In a recent report, The Athletic alleged that the Houston Astros were using technology to steal signs during the 2017 season, during which the team won the World Series.

The story has generated shockwaves throughout the sport and has sparked an investigation by the league, and one of the players most affected by the alleged sign-stealing happens to be Darvish.

At the time of the incident, Darvish was pitching for the Los Angeles Dodgers, and was shelled during two World Series starts against the Astros, giving up eight earned runs in just three innings of work in the series.

Darvish, in a video posted to his YouTube page earlier this week, didn’t blame the alleged “sign-stealing” for his struggles, but said he was never satisfied with the Astros’ explanation that he was tipping his pitches.

“I feel that if I absolve myself and say it was the Astros’ fault I was bad in Game 7, in the World Series, I can’t develop as a person,” he said in the video. “Because I had that experience, I was able to work hard these last two years and become the person I am now.”

After the Astros’ story broke, the spotlight turned toward other potential instances of sign stealing. The popular Cubs blog Bleacher Nation published a tweet showing Darvish step off of the mound while Yelich was batting during a game at Milwaukee’s Miller Park, and while some alleged that it was evidence that Darvish suspected that the Brewers’ slugger was stealing signs, Darvish wasn’t as sure:

“I’m not sure what he is trying to do,” he said. “But to be clear his eyes move first.

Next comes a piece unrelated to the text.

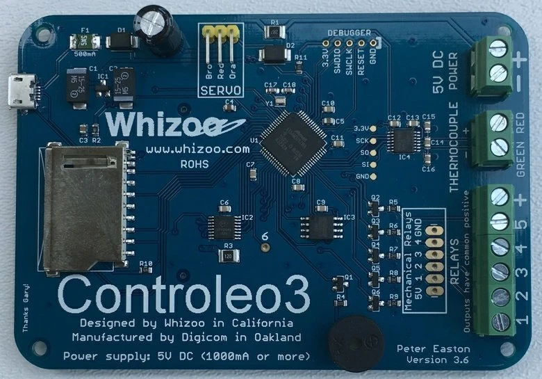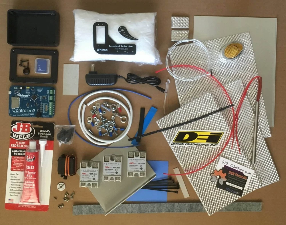 Controleo3 Reflow Oven Controller with Oven Build Kit If you only want the Controleo3 controller, please look at this listing. Follow the step-by-step build instructions here: (Oops, eBay doesn't allow links. Do an Internet search for "Whizoo Controleo3") Built on a solid foundation ControLeo2 was a wonderfully successful product, selling hundreds to customers world-wide. They've been used to control ovens large and small, convection, hot plate or conveyor belt. Such was the power of this well-designed controller and open-source software. We received a lot of feedback from customers. Our customers range from hobbyists reflowing exciting projects in their garages all the way to large corporations doing prototyping of next-generation products while keeping tight control over deadlines and intellectual property. We've also had a lot of feedback from industry experts, commenting on the controller, our build guide and our software. We have been making continuous changes to our web site and build kit to reflect all this expertise. Giant leap forward to Controleo3 Controleo3 was designed to address ControLeo2's shortcomings, and extend the controller's capabilities far into the future. It retains ControLeo2's strengths like ease-of-use, flexibility and openness but dramatically increases performance and usability. 4-inch 480 x 320 color touchscreen Processor is 12 times faster 10 times more memory and 40 times the storage Supports 6 outputs (up from 4) Support for up to 28 profiles PID support, with intelligent tuning SD card support for log files, screenshots and reflow profiles Upgraded thermocouple IC has line-voltage filtering Hardware is more robust (dare we say idiot-proof?) The challenges of building a reflow oven Lead-free solder requires higher temperatures than leaded solder. Take a look at a typical reflow curve for lead-free solder: An important part of the reflow curve is the maximum temperature of 255°C (480°F). It is difficult to build an oven that is capable of reaching those temperatures in such a short duration. However, another important number is the rate-of-rise of temperature at the higher temperatures. At those temperatures it becomes increasingly difficult to achieve the required rate-of-rise without running the heating elements at full blast. You run the risk of damaging sensitive components if the reflow takes too long, and you can create hot spots (damaged components) and cold spots (no solder reflow) if the elements glow red hot. There are a lot of other problems that can occur if the reflow profile isn't followed. Components can be damaged from thermal shock or cracking, solder paste can splatter which can lead to voiding in array type packages, and the solder paste could oxidate or the flux not fully activate. If the maximum allowable temperature of IC's is exceeded, it can damage the internal dies of components and foster intermetallic growth leading to shortened MTBF (mean time before failure) numbers. The time-above-liquidus and cooling rate also affect the quality of the resulting solder joint. What makes Controleo3 the best reflow oven controller? The Controleo3 controller and the oven built in the build guide (on the Whizoo web site) should be considered top-of-the-line . A lot of engineering and experience has gone into making the Controleo3 reflow oven, and there are currently more than 1000 customers world-wide using either ControLeo, ControLeo2 and the latest Controleo3. If you are only doing small boards and using leaded solder paste you can get away with a less-capable controller and poorly insulated oven. But how much is your time worth? What is the value of the components you plan to use? What is the turn-around time to order new boards or components when they get heat-damaged? Do yourself a favor and build yourself a great reflow oven. Do it once, and do it right! Controleo3's advantages: Six outputs Control convection fans, cooling fans and heater elements individually. Better heat distribution Having control over individual heating elements allows you to keep heat away from sensitive components. Hot-spot elimination Intelligent software manages element on-time, reducing hot and cold spots in the oven. Better heat direction Ability to specify if heat comes from the top or bottom, depending on the reflow phase. Better current management Elements are turned on and off independently eliminating the current spikes common in single-relay controllers. Ready-to-run No programming needed. Just configure the fans and elements your oven has and the software will do the rest. Profile support Support for up to 28 user-defined profiles. Intelligent PID tuning PID tuning is done automagically during a learning run. Proven hardware Controleo3 is based on the Arduino Zero. It expands the capabilities of ControLeo2, which was field-tested for years. Open-source Controleo3 is fully compatible with the Arduino programming environment, and runs Arduino Zero sketches. A library and "Reflow Wizard" software for Controleo3 has been posted to GitHub. Reflow Wizard Intelligent software makes it easy to get your oven up and running. Ensures consistent results, run after run. Reflow feedback If you connect Controleo3 to a computer you can track the reflow progress and get data to plot a reflow temperature graph. Support for SD card logging will be added soon. Servo support Supports industry-standard servos, so the oven door is automatically opened at the end of the reflow cycle to start the cooling process. Baking The baking mode supports a full range of temperatures, and a duration of up to 168 hours. Build guide Our comprehensive build guide (on the Whizoo web site) takes you step-by step through building your own oven. The alternatives Cheap China reflow oven (T962/T962A/T962C) These ovens have infrared elements located directly above the boards. There are no heating elements below the boards. Infrared is absorbed at different rates, so expect darker components to heat u

That’s why I stepped off.”

As some fans pointed out in replies to the tweet, the bullpen at Miller Park is in left-center field, the same direction that Yelich appeared to look in the video. In a follow-up tweet, Darvish said that he did not mean to say that the Brewers were conclusively stealing signs, but Yelich did not take too kindly to the inference, saying that “nobody needs help facing you” and calling on Darvish to “be better:”

Darvish replied to Yelich’s tweet:

“Easy man,” he said. “I’m not saying you are stealing signs.”

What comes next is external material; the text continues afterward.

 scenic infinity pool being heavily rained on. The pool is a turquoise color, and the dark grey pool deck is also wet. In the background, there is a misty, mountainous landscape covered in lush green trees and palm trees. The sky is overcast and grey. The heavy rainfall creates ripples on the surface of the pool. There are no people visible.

The sign-stealing discussion will likely last through the remainder of the offseason and into the regular season, but Atlanta Braves slugger Josh Donaldson tried to inject some levity into the situation by replying to Yelich’s tweet:

After Donaldson asked Yelich for help in facing Darvish, the Cubs pitcher responded, saying that he didn’t think Donaldson “needed help” in the batter’s box.

With the sign-stealing story seemingly generating new headlines every day, this likely won’t be the last time that a team has to face questions about its practices, but the Brewers have not been formally scrutinized.